The outer door of the offices on the first floor above the garage bore a brass plate: Margery Fawkham, Domestic Registry Office. At a few minutes before eight in the evening of Wednesday, September 14th, Mrs. Margery Fawkham herself was sitting in her private room. She was a handsome woman, just turned forty, smartly dressed and with diamond rings on her fingers. A woman, one might gather, of forceful purpose and considerable strength of character. She was sitting at her desk, facing the door of the room, and was intent upon the entries in a large book, the leaves of which she turned at intervals. It was after sunset, and the room was growing dark. The only illumination was a reading-lamp with a green shade on the desk. The evening was warm and sultry, and the sash window on Mrs. Fawkham’s right was wide open at the bottom. It opened upon Dennington Place, but no sound was to be heard from there. Only the subdued roar of distant traffic penetrated into the room.

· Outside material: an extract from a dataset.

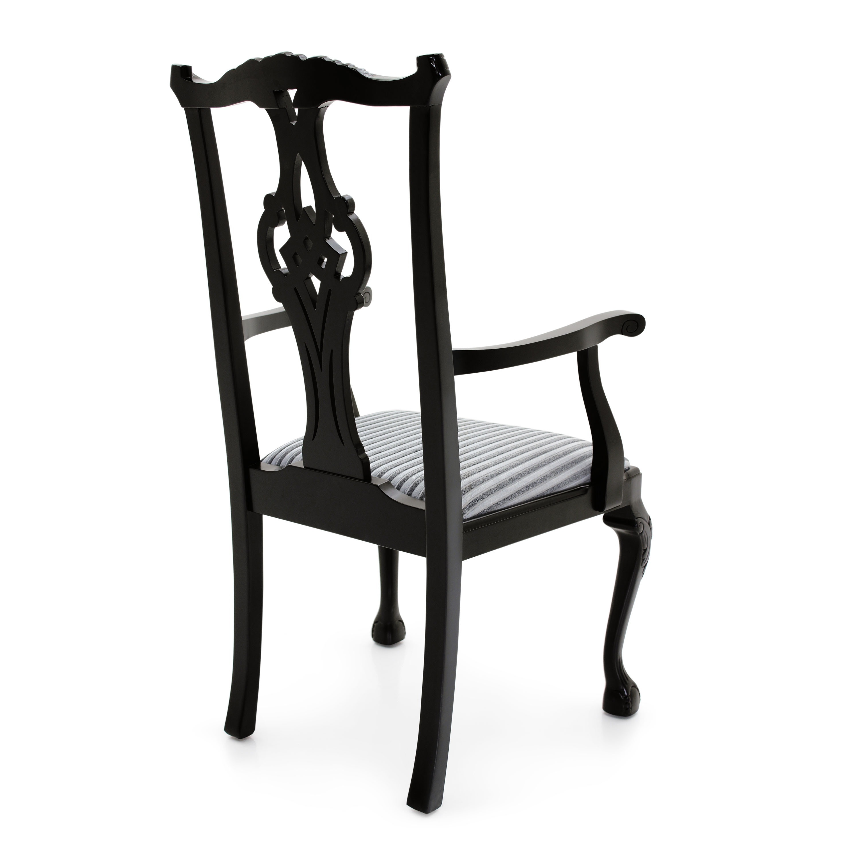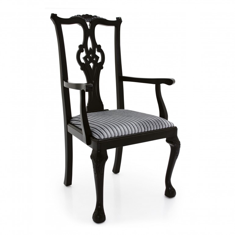 Elegant classic style small armchair with beech wood structure featuring a particularly elaborate back.

There was a second occupant of the room. Seated on a table standing against the wall, on Mrs. Fawkham’s left, was a man in his late twenties. He was good-looking enough, and remarkably spruce in his appearance. But his features, especially his nose and chin, betrayed a certain weakness of character. He was swinging his legs idly, and smoking a cigarette in an amber holder. His expression was one of boredom, concealed with difficulty.
The silence was broken by the ringing of a telephone in an adjoining room. Mrs. Fawkham raised her head from the book. “You never switched the extension through, Claud!” she exclaimed sharply. “Go and see who it is and what they want.”